Beyond predictive accuracy, the attention mechanism in GViT-GP challenges the notion that deep learning models are opaque or lack interpretability. A compelling validation of this capability is provided by our attention-to-genome mapping analyses on soybean traits. For flowering time (R1), the attention Manhattan plot (Figure 11) shows that GViT-GP autonomously highlights a high-confidence region on Chromosome 6. Detailed examination reveals that the high-attention patch encompasses SNPs (e.g., ss715593840) located in the proximal region of Glyma06g23026, which corresponds to E1 (Xia et al., 2012), a major dominant regulator of flowering time and maturity in soybean (Zhai et al., 2022). Although this SNP does not reside within the coding sequence, its detection strongly suggests that GViT-GP captured the underlying causal signal via linkage disequilibrium (LD), thereby focusing on a verified QTL locus. Importantly, a consistent interpretability pattern is also observed for seed oil content: the oil attention Manhattan plot highlights a peak on Chromosome six overlapping the reported qOIL-3 region. Notably, this interval contains Glyma06g20900 (corresponding to Glyma.06G194500 in Wm82.a2), which encodes a GDSL-motif lipase/hydrolase and has been proposed as a candidate gene linked to seed lipid metabolism and oil-content regulation (Huynh et al., 2024). Collectively, these results indicate that the model’s learned representations are not merely statistical artifacts but align with biologically meaningful loci, supporting the use of GViT-GP as a hypothesis-generation tool for prioritizing functional genomic regions.
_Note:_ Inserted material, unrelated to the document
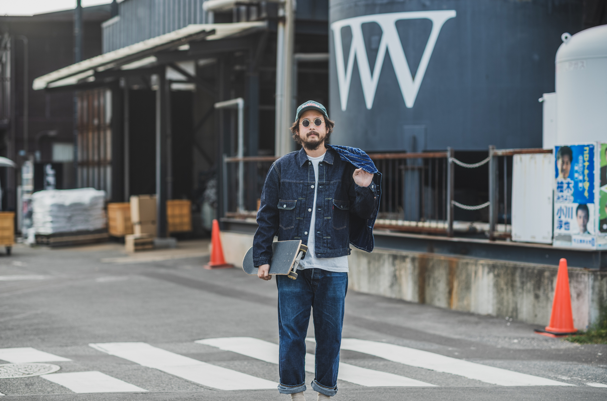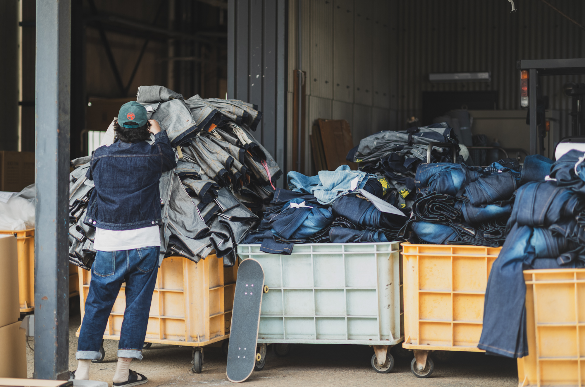 Whoval, the partnered wash factory for TCB, is just 2 minutes away from us. We call this kind of short distance the distance that doesn’t make your soup cold. Speaking of Kojima, everything you need is available in the soup distance so it’s again a denim city here. So, when Ryo visits factories nearby he goes there by skateboard. (Leica Camera didn’t allow Hajime to take pictures of me moving around with the skateboard, focus-wise)

Despite the promising results, this study has limitations that open avenues for future research. The primary limitation lies in the current two-stage implementation of SPE, which relies on LightGBM. While LightGBM is efficient, as a tree-based method, it naturally favors SNPs with strong main effects, potentially filtering out loci that are critical only within complex, high-order interaction networks but have weak individual effects (Strobl et al., 2008). This implies that the current bias is directed towards capturing additive genetic signals, potentially under-representing complex non-additive (e.g., epistatic) variations. This motivates the future exploration of end-to-end differentiable frameworks to overcome this feature selection bottleneck. Another consideration is the computational cost. We conducted a detailed analysis of training time versus performance (Supplementary Table S7). Although GViT-GP requires more training time (1.63 h) compared to traditional methods (e.g., 1 min for LightGBM), this increase is negligible in the context of practical breeding cycles, which span months or years. The additional computational overhead is a justifiable one-time offline investment that yields significant improvements in predictive accuracy. To further address these demands, future optimization efforts could explore efficient attention variants (e.g., Perceiver or Linear Attention) or model distillation techniques to facilitate rapid deployment.
In conclusion, the GViT-GP architecture offers an effective approach to adapting Vision Transformers for genomic prediction. By integrating a SPE strategy and a GRM-informed inductive bias, it presents a robust framework for modeling quantitative traits. The consistent performance observed across diverse species, combined with the demonstrated cross-population generalization and biological interpretability, highlights the potential of GViT-GP as a promising tool to support modern digital breeding programs.